DATASET RECORDS Start Marker
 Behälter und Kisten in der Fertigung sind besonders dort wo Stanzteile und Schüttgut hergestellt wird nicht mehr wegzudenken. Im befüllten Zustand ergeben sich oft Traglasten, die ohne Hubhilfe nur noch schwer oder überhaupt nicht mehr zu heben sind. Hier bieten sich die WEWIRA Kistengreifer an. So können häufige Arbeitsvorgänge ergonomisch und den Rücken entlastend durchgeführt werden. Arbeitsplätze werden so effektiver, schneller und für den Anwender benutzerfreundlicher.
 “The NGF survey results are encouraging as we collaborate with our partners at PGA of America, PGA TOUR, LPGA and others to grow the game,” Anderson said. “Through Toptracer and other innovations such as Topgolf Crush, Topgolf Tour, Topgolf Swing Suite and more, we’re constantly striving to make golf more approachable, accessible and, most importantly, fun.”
DATASET RECORDS End Marker
DATASET RECORDS Start Marker
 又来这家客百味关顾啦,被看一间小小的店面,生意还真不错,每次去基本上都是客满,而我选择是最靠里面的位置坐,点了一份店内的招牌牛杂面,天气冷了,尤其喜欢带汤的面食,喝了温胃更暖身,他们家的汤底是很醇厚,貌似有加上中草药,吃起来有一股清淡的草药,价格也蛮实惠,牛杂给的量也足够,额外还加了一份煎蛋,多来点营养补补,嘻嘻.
DATASET RECORDS End Marker
- WORK REQUEST: Take the listing above and repeat exactly the lines from the one containing "Behälter und Kisten" through the one containing "NGF survey results", both included.

- WRITTEN ANSWER:
 Behälter und Kisten in der Fertigung sind besonders dort wo Stanzteile und Schüttgut hergestellt wird nicht mehr wegzudenken. Im befüllten Zustand ergeben sich oft Traglasten, die ohne Hubhilfe nur noch schwer oder überhaupt nicht mehr zu heben sind. Hier bieten sich die WEWIRA Kistengreifer an. So können häufige Arbeitsvorgänge ergonomisch und den Rücken entlastend durchgeführt werden. Arbeitsplätze werden so effektiver, schneller und für den Anwender benutzerfreundlicher.
 “The NGF survey results are encouraging as we collaborate with our partners at PGA of America, PGA TOUR, LPGA and others to grow the game,” Anderson said. “Through Toptracer and other innovations such as Topgolf Crush, Topgolf Tour, Topgolf Swing Suite and more, we’re constantly striving to make golf more approachable, accessible and, most importantly, fun.”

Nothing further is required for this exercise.